▶ **What is expected**: Please copy out the entries below exactly, beginning with the line that contains "Auf dem Satellitenfoto" and ending with the line that contains "Unisex Baseball Cap", and include nothing outside that span.

----- Material to process

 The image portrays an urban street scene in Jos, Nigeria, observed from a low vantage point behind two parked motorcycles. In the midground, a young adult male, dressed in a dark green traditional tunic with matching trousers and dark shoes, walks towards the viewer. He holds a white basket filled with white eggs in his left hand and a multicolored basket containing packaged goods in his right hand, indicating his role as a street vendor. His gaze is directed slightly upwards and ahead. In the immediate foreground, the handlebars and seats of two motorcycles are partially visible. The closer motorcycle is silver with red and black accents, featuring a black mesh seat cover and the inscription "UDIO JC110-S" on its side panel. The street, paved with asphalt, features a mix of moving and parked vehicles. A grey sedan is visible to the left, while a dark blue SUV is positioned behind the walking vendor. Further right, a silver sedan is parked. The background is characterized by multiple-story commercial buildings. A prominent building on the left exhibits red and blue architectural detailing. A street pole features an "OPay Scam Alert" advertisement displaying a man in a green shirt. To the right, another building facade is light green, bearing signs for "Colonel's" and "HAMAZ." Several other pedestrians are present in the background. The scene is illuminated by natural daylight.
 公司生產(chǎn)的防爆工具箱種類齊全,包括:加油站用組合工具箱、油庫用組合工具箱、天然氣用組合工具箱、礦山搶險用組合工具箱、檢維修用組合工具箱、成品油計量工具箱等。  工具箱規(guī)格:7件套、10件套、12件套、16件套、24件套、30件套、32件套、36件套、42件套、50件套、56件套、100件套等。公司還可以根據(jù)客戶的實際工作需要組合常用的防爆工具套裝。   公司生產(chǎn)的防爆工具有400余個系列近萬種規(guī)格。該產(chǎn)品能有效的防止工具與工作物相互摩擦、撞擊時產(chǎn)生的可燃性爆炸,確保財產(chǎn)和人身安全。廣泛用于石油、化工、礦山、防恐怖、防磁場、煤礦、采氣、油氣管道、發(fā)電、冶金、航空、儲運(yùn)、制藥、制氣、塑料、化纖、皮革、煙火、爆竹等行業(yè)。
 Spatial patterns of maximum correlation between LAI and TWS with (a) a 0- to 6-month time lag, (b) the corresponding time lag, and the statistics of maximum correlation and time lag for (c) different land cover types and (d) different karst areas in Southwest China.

----------
----- Material to process

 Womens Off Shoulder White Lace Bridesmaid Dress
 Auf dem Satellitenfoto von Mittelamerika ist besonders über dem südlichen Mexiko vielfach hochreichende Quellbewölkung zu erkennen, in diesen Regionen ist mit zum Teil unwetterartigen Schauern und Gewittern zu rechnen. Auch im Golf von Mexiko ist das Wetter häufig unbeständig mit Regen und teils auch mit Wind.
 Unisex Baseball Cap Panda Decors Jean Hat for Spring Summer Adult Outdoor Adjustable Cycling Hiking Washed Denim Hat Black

----------

▶ **Result**:
 Auf dem Satellitenfoto von Mittelamerika ist besonders über dem südlichen Mexiko vielfach hochreichende Quellbewölkung zu erkennen, in diesen Regionen ist mit zum Teil unwetterartigen Schauern und Gewittern zu rechnen. Auch im Golf von Mexiko ist das Wetter häufig unbeständig mit Regen und teils auch mit Wind.
 Unisex Baseball Cap Panda Decors Jean Hat for Spring Summer Adult Outdoor Adjustable Cycling Hiking Washed Denim Hat Black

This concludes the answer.